### Work item
Where the listing below has a line containing "XOP – Oil was", output that line and all lines after it, verbatim, and no others.

*** Dataset excerpt ***

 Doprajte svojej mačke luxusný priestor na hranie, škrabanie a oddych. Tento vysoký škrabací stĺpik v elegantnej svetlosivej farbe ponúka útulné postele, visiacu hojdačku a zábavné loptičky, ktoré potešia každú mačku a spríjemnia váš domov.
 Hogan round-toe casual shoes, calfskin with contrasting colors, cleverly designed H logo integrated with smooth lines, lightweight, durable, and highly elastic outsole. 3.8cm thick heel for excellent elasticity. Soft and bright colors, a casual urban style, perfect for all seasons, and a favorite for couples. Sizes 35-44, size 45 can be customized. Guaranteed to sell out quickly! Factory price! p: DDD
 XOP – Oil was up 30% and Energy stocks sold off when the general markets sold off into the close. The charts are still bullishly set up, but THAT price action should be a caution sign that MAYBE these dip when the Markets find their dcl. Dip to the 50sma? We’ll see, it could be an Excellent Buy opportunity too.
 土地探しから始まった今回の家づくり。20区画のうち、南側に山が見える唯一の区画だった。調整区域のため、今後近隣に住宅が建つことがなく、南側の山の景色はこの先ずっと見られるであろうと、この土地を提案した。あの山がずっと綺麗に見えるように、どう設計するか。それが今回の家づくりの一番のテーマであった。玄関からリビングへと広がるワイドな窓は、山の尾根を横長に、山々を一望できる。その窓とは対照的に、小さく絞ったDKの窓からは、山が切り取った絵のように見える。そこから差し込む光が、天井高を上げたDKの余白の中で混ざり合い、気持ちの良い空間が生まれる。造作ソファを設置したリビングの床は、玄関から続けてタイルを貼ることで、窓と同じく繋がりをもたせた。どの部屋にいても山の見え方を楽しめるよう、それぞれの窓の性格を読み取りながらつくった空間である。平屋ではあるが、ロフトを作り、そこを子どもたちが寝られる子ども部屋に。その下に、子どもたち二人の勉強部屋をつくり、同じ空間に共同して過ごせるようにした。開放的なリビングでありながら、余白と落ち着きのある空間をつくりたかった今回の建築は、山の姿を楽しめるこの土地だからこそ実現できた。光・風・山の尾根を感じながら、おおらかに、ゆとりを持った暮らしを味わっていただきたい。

*** End of Dataset excerpt ***

### Solution to this exercise
 XOP – Oil was up 30% and Energy stocks sold off when the general markets sold off into the close. The charts are still bullishly set up, but THAT price action should be a caution sign that MAYBE these dip when the Markets find their dcl. Dip to the 50sma? We’ll see, it could be an Excellent Buy opportunity too.
 土地探しから始まった今回の家づくり。20区画のうち、南側に山が見える唯一の区画だった。調整区域のため、今後近隣に住宅が建つことがなく、南側の山の景色はこの先ずっと見られるであろうと、この土地を提案した。あの山がずっと綺麗に見えるように、どう設計するか。それが今回の家づくりの一番のテーマであった。玄関からリビングへと広がるワイドな窓は、山の尾根を横長に、山々を一望できる。その窓とは対照的に、小さく絞ったDKの窓からは、山が切り取った絵のように見える。そこから差し込む光が、天井高を上げたDKの余白の中で混ざり合い、気持ちの良い空間が生まれる。造作ソファを設置したリビングの床は、玄関から続けてタイルを貼ることで、窓と同じく繋がりをもたせた。どの部屋にいても山の見え方を楽しめるよう、それぞれの窓の性格を読み取りながらつくった空間である。平屋ではあるが、ロフトを作り、そこを子どもたちが寝られる子ども部屋に。その下に、子どもたち二人の勉強部屋をつくり、同じ空間に共同して過ごせるようにした。開放的なリビングでありながら、余白と落ち着きのある空間をつくりたかった今回の建築は、山の姿を楽しめるこの土地だからこそ実現できた。光・風・山の尾根を感じながら、おおらかに、ゆとりを持った暮らしを味わっていただきたい。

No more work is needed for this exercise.